Sunday, April 19, 2009

Southern Living’s Best Buttermilk Biscuits

buttermilk-biscuits-m

I've spent countless Sunday mornings in a flour-covered kitchen trying to perfect this elusive delicacy. Like most of you, I'm always careful to use a light hand when working the dough, but Test Kitchens Professional Vanessa McNeil Rocchio and I discovered a secret that makes these biscuits our best ever.

The trick is in the unique dough-folding method, the same one used to make puff pastries and croissants. Folding creates multiple layers of dough and fat, giving rise to a tender, puffy biscuit. Combine the dry ingredients the night before, and refrigerate for an easy, hot breakfast in the morning.

Yield

Makes 2 dozen

Ingredients

  • 1/2  cup  cold butter
  • 2 1/4  cups  self-rising soft-wheat flour
  • 1 1/4  cups  buttermilk
  • Self-rising soft-wheat flour
  • 2  tablespoons  melted butter

Preparation

1. Cut butter with a sharp knife or pastry blender into 1/4-inch-thick slices. Sprinkle butter slices over flour in a large bowl. Toss butter with flour. Cut butter into flour with a pastry blender until crumbly and mixture resembles small peas. Cover and chill 10 minutes. Add buttermilk, stirring just until dry ingredients are moistened.

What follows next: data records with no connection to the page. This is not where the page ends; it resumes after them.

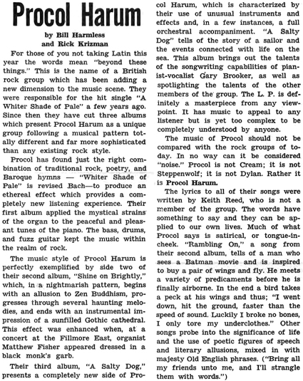 '... a Procol review I wrote for my high school newspaper in 1969, in Kansas City'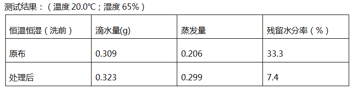 日标JISL 1097:55分钟水分残余率10%,滴水量0.3g,不要求洗后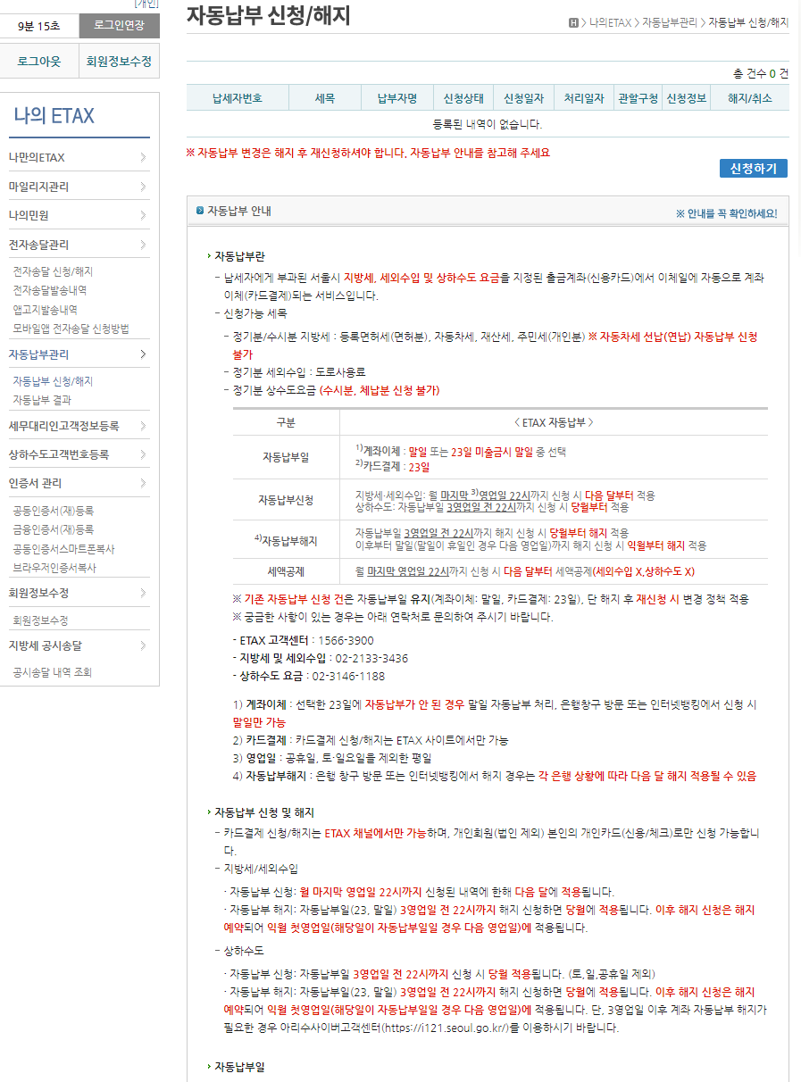 서울시 ETAX 홈페이지에서 수도요금 자동이체 신청하기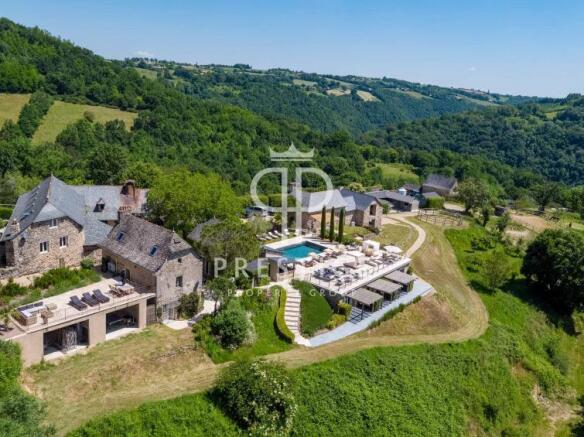 Fabulous country estate with income streams on a promontory overlooking the Aveyron River and offering spectacular views of the surrounding countryside, spanning approximately 16 hectares of sloping land with woodland on either side of the buildings, with approximately 700 m2 of living space and a total of 15 bedrooms.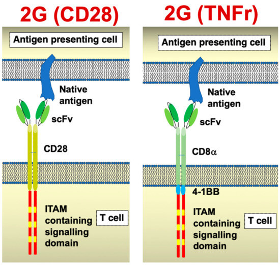 Chimeric antigen receptor structure. Cartoons illustrate the structures of a CD28 and a tumour necrosis factor receptor (TNFr)-containing second-generation CARs. Most commonly, 4-1BB is incorporated into the latter CAR platform.

2. Turn dough out onto a lightly floured surface; knead 3 or 4 times, gradually adding additional flour as needed. With floured hands, press or pat dough into a 3/4-inch-thick rectangle (about 9 x 5 inches). Sprinkle top of dough with additional flour. Fold dough over onto itself in 3 sections, starting with 1 short end. (Fold dough rectangle as if folding a letter-size piece of paper.) Repeat entire process 2 more times, beginning with pressing into a 3/4-inch-thick dough rectangle (about 9 x 5 inches).

3. Press or pat dough to 1/2-inch thickness on a lightly floured surface; cut with a 2-inch round cutter, and place, side by side, on a parchment paper-lined or lightly greased jelly-roll pan. (Dough rounds should touch.)

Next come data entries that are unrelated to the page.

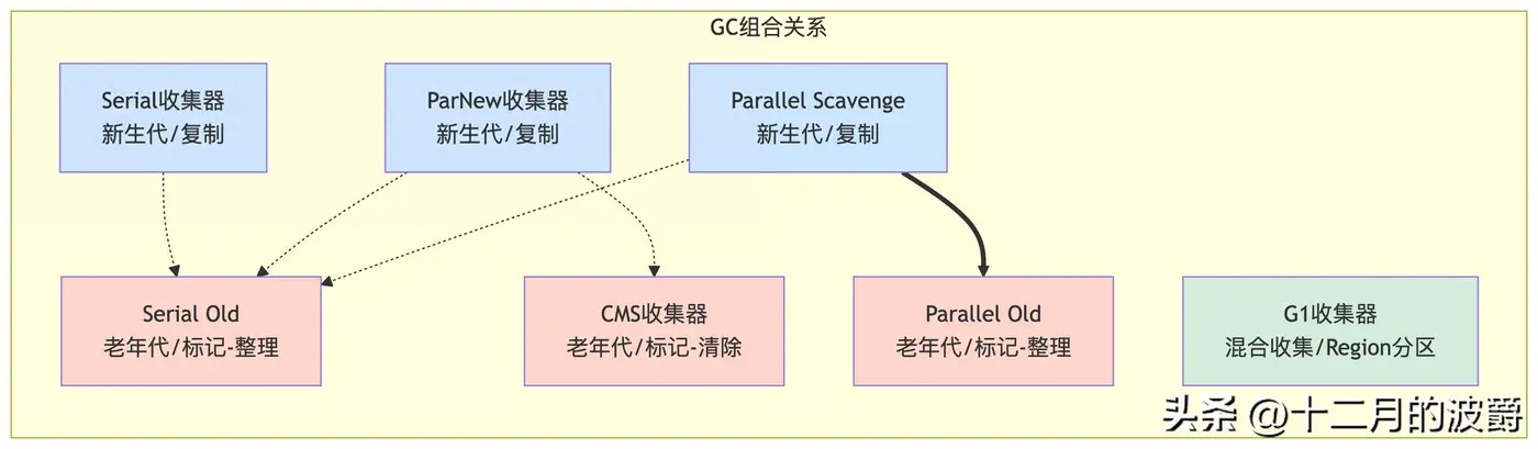 - JDK 8的默认收集器组合:Parallel Scavenge(新生代) + Parallel Old(老年代)。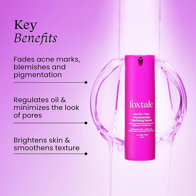 - Delete 7 Signs of Acne: This Niacinamide Clarifying Serum is known to target 7 signs of acne like excess oil, clogged pores, blackheads, bumpy texture, redness, pigmentation, and acne marks to pave the way for clear skin.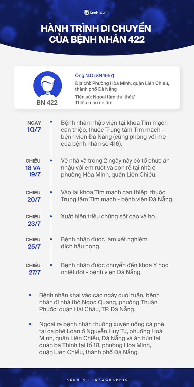 Trước khi phát hiện dương tính với Covid-19, ngày 10/7/2020, bệnh nhân nhập viện tại khoa Tim mạch can thiệp, thuộc Trung tâm Tim mạch - bệnh viện Đà Nẵng (cùng phòng với mẹ của bệnh nhân số 416).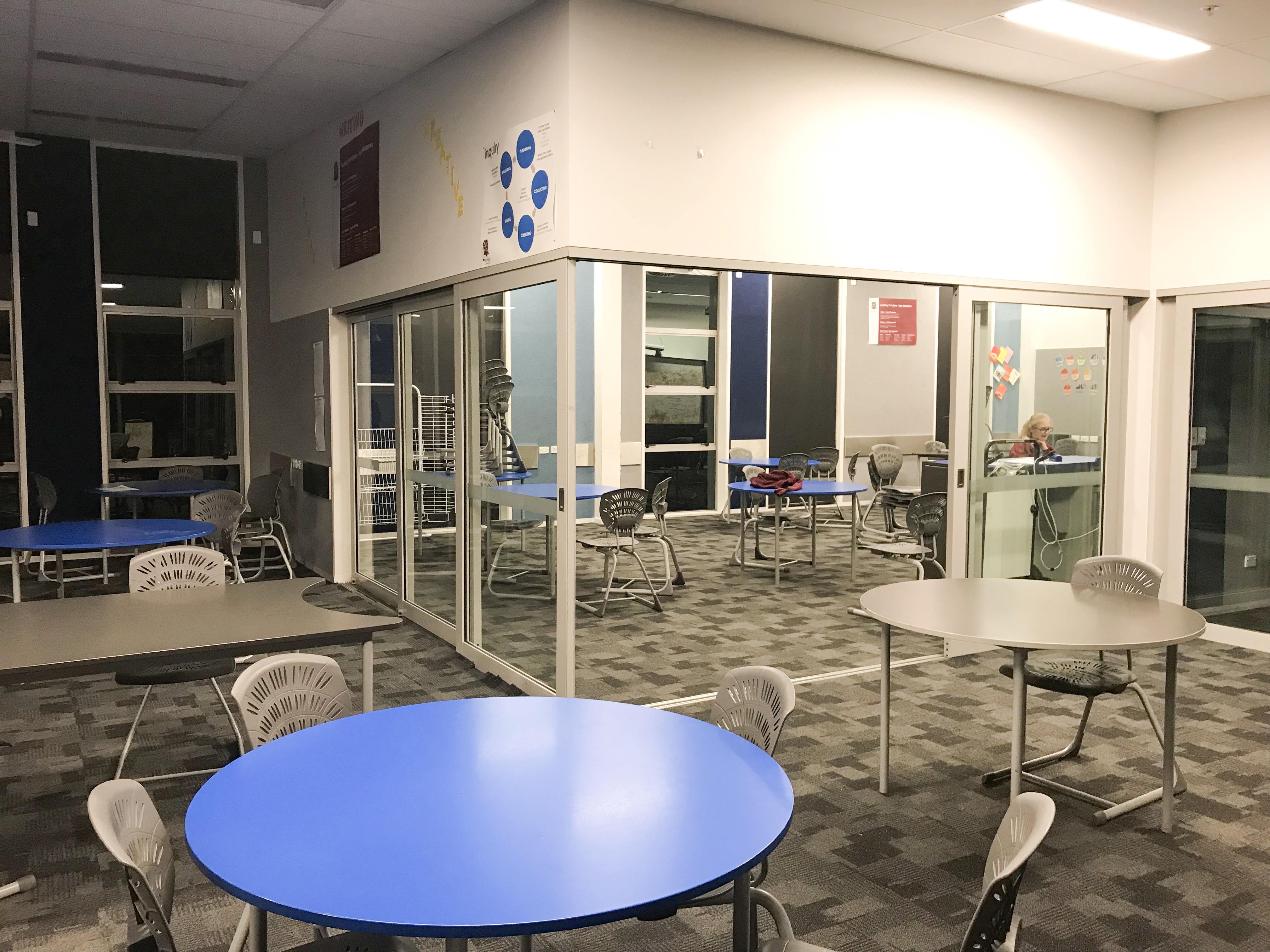 而且上課沒有固定教室,要上什麼課學生就移動到什麼教室,更特別的是還看到一個空間分成三間教室,中間只有落地窗隔著,我問這樣上課不會互相干擾嗎?她說會,其實上課蠻吵雜的!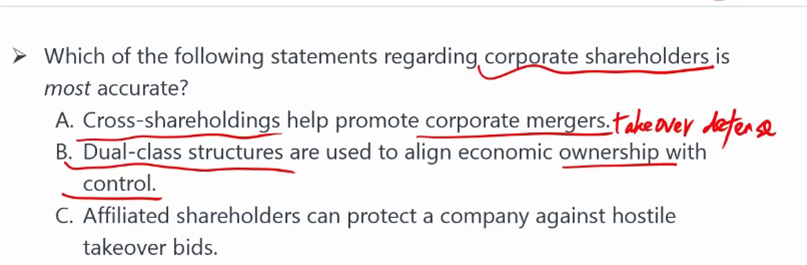 第一个图的BC选项解释下 第二个图的cross-shareholding 交叉持股是什么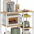 This HOOBRO bakers rack has a rustic brown and black look and gives you 5 shelves for storage in your kitchen. It also has 4 power outlets, a wire basket, a spot for paper towels, and a drawer. You can use it as a microwave stand or a coffee bar. It needs to be put together, and the drawer is best for light things. It might look a bit busy to some people and might not be the best for very big families or if you like a very simple style. Read more…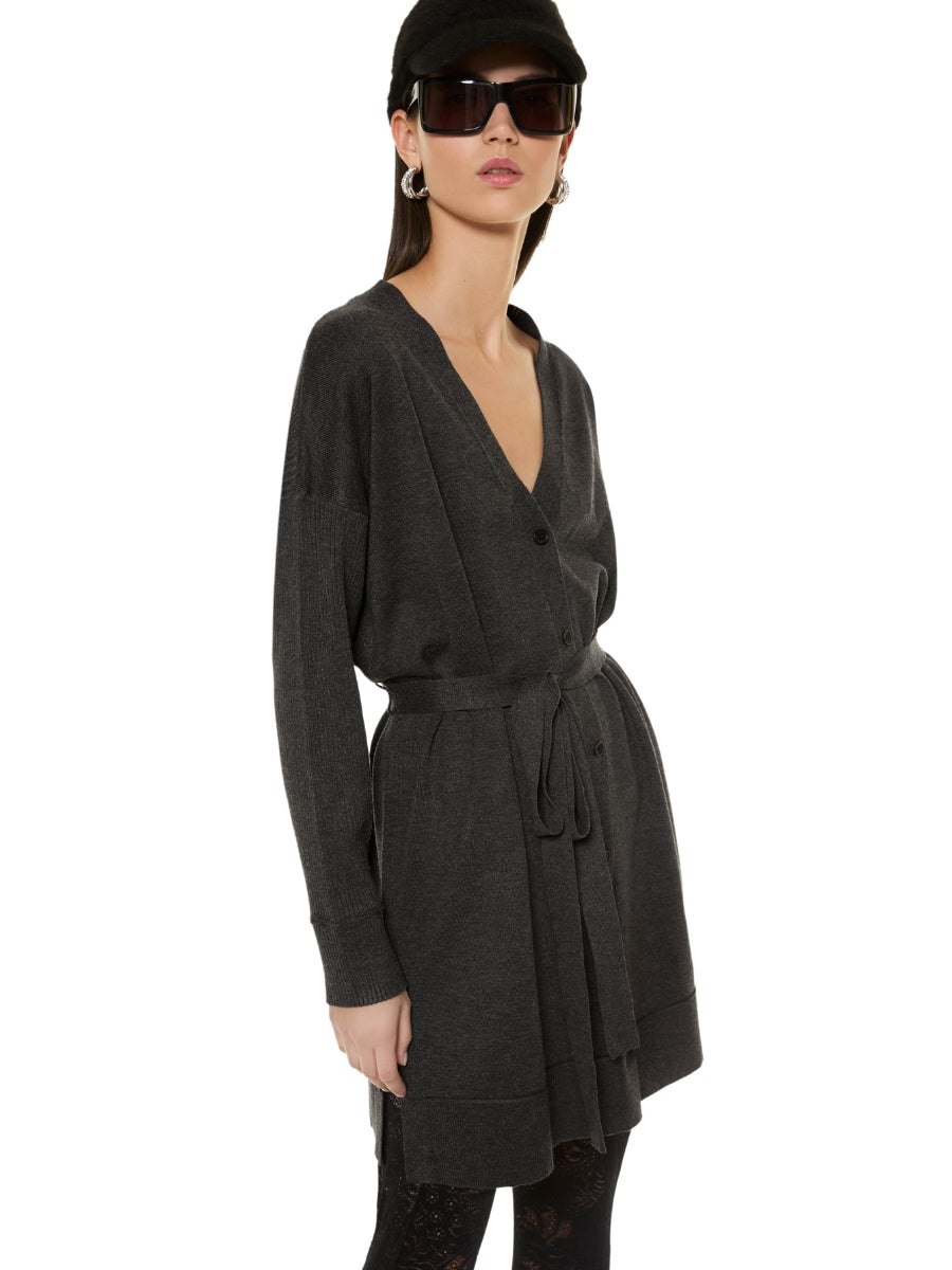 Cardigan lungo con cintura - GRIGIO MELANGE - BE70

4. Bake at 450° for 13 to 15 minutes or until lightly browned. Remove from oven; brush with 2 Tbsp. melted butter.

Note: For testing purposes only, we used White Lily Self-Rising Soft Wheat Flour.

Cinnamon-Raisin Biscuits: Omit 2 Tbsp. melted butter. Combine 1/2 cup golden raisins, 1/2 tsp. ground cinnamon, and 1/3 cup chopped pecans with flour in a large bowl. Proceed with recipe as directed. Stir together 1/2 cup powdered sugar and 2 Tbsp. buttermilk until smooth. Drizzle over warm biscuits. Makes 2 1/2 dozen.

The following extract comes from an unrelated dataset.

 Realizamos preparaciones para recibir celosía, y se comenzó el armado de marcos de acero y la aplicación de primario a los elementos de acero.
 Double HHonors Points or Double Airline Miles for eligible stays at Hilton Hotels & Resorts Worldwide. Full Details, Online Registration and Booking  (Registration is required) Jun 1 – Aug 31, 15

Black Pepper-Bacon Biscuits: Combine 1/3 cup cooked and crumbled bacon slices (about 5 slices) and 1 tsp. black pepper with flour in a large bowl. Proceed with recipe as directed. Makes 2 1/2 dozen.

Feta-Oregano Biscuits: Combine 1 (4-oz.) package crumbled feta cheese and 1/2 tsp. dried oregano with flour in a large bowl. Proceed with recipe as directed. Makes 2 1/2 dozen.

Pimiento Cheese Biscuits: Combine 1 cup (4 oz.) shredded sharp Cheddar cheese with flour in a large bowl. Reduce buttermilk to 1 cup. Stir together buttermilk and 1 (4-oz.) jar diced pimiento, undrained. Proceed with recipe as directed. Makes 2 1/2 dozen.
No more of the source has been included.